Instead of a map, imagine that the person in the information booth hands you an alphabetized list of stations, train line names, and geographic coordinates. In theory, you have all the information you need to navigate the D.C. metro. But in reality, figuring out which line to take and where to get on and off would be a nightmare.

Fortunately, the information booth has another representation of the same data. It’s the Washington, D.C. subway map, and it shows all the stations in order on different lines, each in a different color. It also shows where each line intersects so that you can easily figure out where to switch lines.
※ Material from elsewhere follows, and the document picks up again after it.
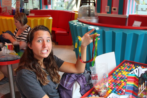 Darby's Looks Scared of her Gummy Worm!

All of a sudden, navigating the Metro is easy.

The subway map doesn’t just give you data—it gives you knowledge.

Not only do you know which line to take, but you know roughly how long it’ll take to get to your destination. Without much thought, you can see that there are eight stops to your destination, stops that are a few minutes apart each, so it’ll take a bit more than 20 minutes to get from where you are to, say, the Air and Space Museum. Not only that but you can recognize each of the lines on the Metro not just by the name or final destination, but by the color as well: red, blue, yellow, green, or orange. Each line has a distinct color that you can recognize on the map—and on the walls of the metro when you’re trying to find the right line.

This simple example illustrates the compelling nature of visualization. With a mix of color, layout, markings, and other elements, a visualization can show us in a few seconds what plain numbers or text might take minutes or hours to convey, if we can draw a conclusion from them at all.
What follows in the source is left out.